John Feehery: Speaking Engagements


The New Pope

Posted on March 13, 2013

I was hoping for an American Pope.  I got a South American Pope.

I guess I should have been more specific.

But the South American Pope is a Jesuit, which is not only a historical novelty, it is a huge plus for a Jesuit-trained guy like me.

As has often been noted, a good chunk of the world's Catholics live in South America, although not as many of them are Jesuit.  The Catholic Church helped to discover, and then conquer and then rule the varied countries of South America.  First, it was the Portuguese and then the Spanish (or was it the other way around) but either way, it was Catholics from the Iberian Peninsula who first brought Europe to the Americas.

Christopher Columbus was an Italian who travelled under the dime of the Spanish Monarchs.  The first South American Pope's parents were from Italy.

The New Pope is not from North America, but he could learn a lot from the North American Church.

Many in the media talk about a Church in crisis, but in one particularly important way, the Catholic Church is more powerful than ever.   In political terms, Catholics are running this country.

(If you want to talk about a Church in real crisis, you should focus on the Episcopalians.  Nobody is Episcopalian any more).

The Vice President is Catholic.  This is the same Catholic who concludes pretty much every deal on behalf of this White House.  He ran against a Catholic, who is now the House Budget Chairman.  The Secretary of State is Catholic.  The White House Chief of Staff is Catholic.  The Speaker of the House is Catholic.  The House MInority Leader is Catholic. The Senate Majority Whip is Catholic.  The Chief Justice of the Supreme Court is Catholic.  In fact, the Supreme Court has a majority of Catholics.

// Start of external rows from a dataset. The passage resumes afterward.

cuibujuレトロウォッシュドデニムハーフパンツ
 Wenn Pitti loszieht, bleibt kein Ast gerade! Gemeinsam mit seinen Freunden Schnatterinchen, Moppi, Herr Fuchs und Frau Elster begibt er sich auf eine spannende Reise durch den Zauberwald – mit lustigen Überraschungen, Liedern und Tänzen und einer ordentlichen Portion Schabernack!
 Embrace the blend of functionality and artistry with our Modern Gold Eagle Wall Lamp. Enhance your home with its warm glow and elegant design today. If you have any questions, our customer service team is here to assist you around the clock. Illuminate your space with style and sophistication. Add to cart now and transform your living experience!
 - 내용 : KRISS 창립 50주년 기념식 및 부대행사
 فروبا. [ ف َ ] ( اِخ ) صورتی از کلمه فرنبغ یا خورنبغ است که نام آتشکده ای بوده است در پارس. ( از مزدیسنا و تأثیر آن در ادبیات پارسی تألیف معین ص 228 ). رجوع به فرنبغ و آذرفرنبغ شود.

All of these Catholics running the government would have been unthinkable 50 years ago.  Now, it is no big deal.

But it is a big deal.  For a Church in Crisis, it has a lot of friends in very high places.

The rise of this powerful laity has coincided with a decline in the power of the clergy.  The Catholic Church hierarchy is a mess.  The Church spends millions in lawsuits having to do with the sexual abuse scandal.  Nobody listens to the Bishops anymore, much as I really like many of them.

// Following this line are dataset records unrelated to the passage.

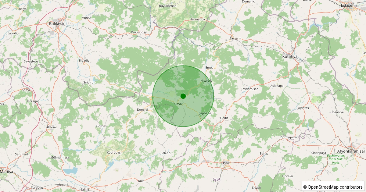 Son 7 gün içinde Simav - Ahlatlıçeşme Köyü noktasından 100 km yarıçap içerisinde meydana gelen diğer depremler:
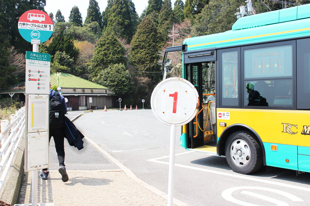 After leaving the cable car station, please proceed to bus stop #1 and take the Rokko Sanjo Bus to the Rokko Sancho Station. The duration of the bus ride is about 13 minutes.
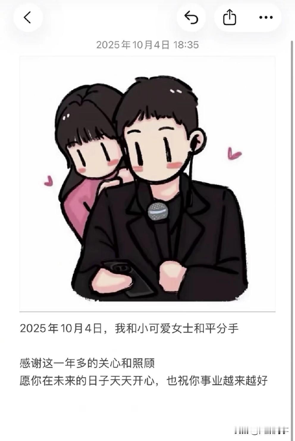 刘二狗发文,正式宣布与小可爱分手! 刘二狗发文称,2025年十月十四日,我与小可爱女士和平分手,感谢一年多的关心与照顾,愿你在未来的日子开心,也祝事业越来越好!
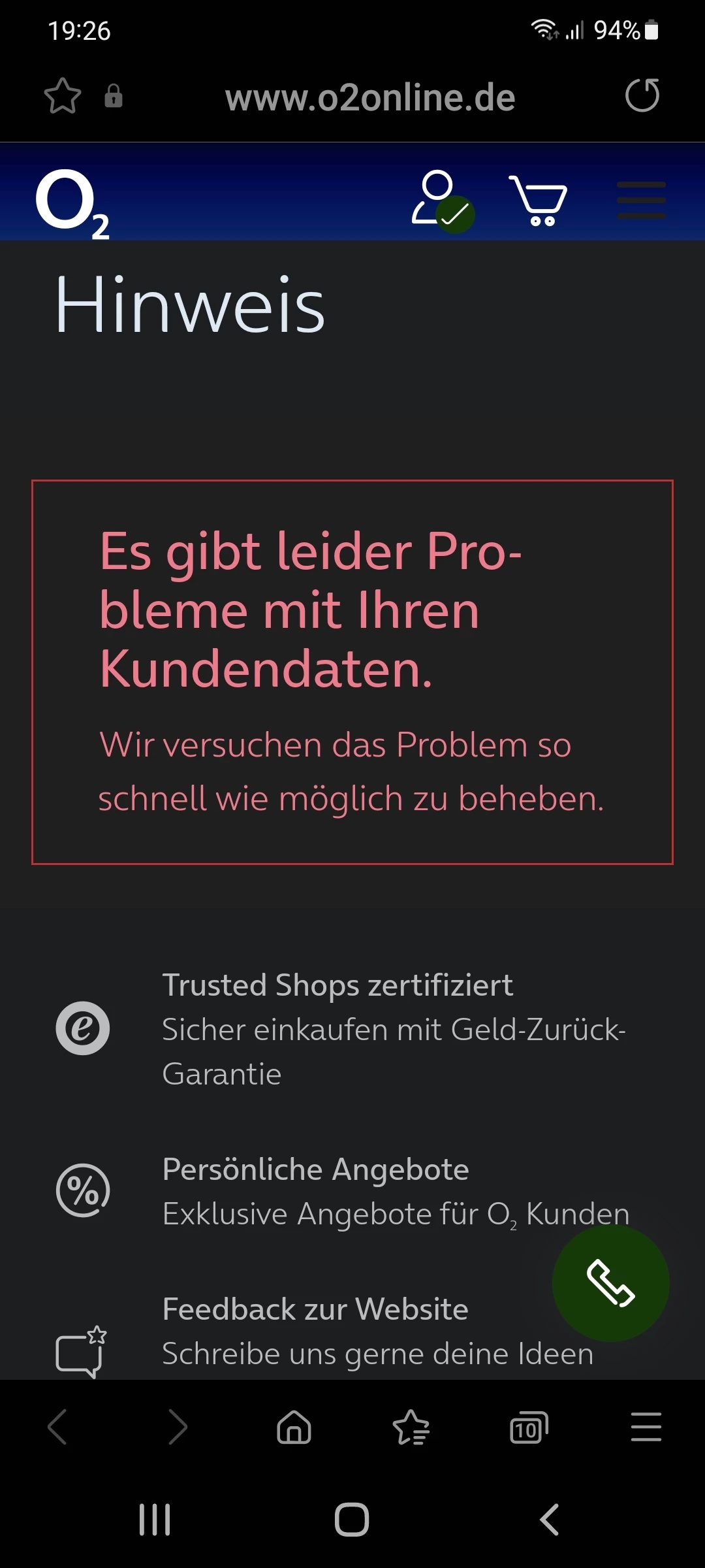Probleme mit kundendaten keine Tarif wechseln möglich
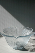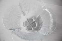 デンマークの王室御用達ブランド、Holmegaardのガラスボウルです。こちらはクローバーのようなお花のモチーフになっていて、花びらが1枚1枚立体的に表現されています。どっしりと重量感もあり、華やかです。写真の左側の器になります。
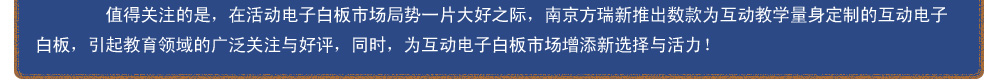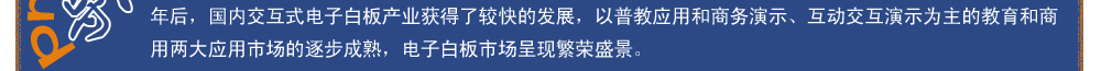 目前,公司的產(chǎn)品已銷往西歐、北美、南非、東南亞等四十多個(gè)國(guó)家和地區(qū),用戶遍及眾多行業(yè)。近幾年銷售額70%以上的速度迅猛增長(zhǎng),提升了國(guó)際競(jìng)爭(zhēng)力,奠定了公司在國(guó)內(nèi)電子白板行業(yè)的領(lǐng)導(dǎo)地位。
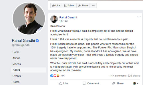 1984ലേത് ഭയാനക ദുരന്തം; സാം പിത്രോദ അതിരുകടന്നെന്ന് രാഹുല്

There are several very talented Church leaders out there.  Cardinal Dolan is a God-send.  He would have made a wonderful Pope.  Cardinal Wuerl is very capable.  Cardinal George is seen as a real leader in Chicago.

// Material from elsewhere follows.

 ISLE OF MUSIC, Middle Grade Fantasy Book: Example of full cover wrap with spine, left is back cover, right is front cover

In my humble opinion, despite all of these powerful political leaders, the Church would be better off staying out of politics and focusing on things that will revive the Church's fortunes over the long haul.

The Church has to recommit to its elementary and secondary education systems.   I believe firmly that Catholic education is not only important for the Church, it is important for America.   Public education works for some but it is a disaster for many others.  Kids who get a Catholic education are far more likely to graduate from high school, go to college, and get a job.  It is perhaps the best way to avoid poverty, unless of course, you take a vow of poverty.

The new Pope is not looking at me for my advice on how to run the Church, but I am going to give him a suggestion nonetheless.  The Catholic Church works best when it applies the spiritual to the practical.  I am not talking liberation theology here.  I am talking about the building blocs of society, education, taking care of our neighbors, teaching basic ethics to a country that desperately needs a better understanding of what makes an ethical society, and in many other ways, teaching Catholics how to be good citizens.

I know a lot of my more conservative Catholic friends don't care much for the Jesuits.  I love the Jesuits because they translate the spiritual into the practical.  And plus, I am Jesuit-trained, so I got that going for me.  Which is nice.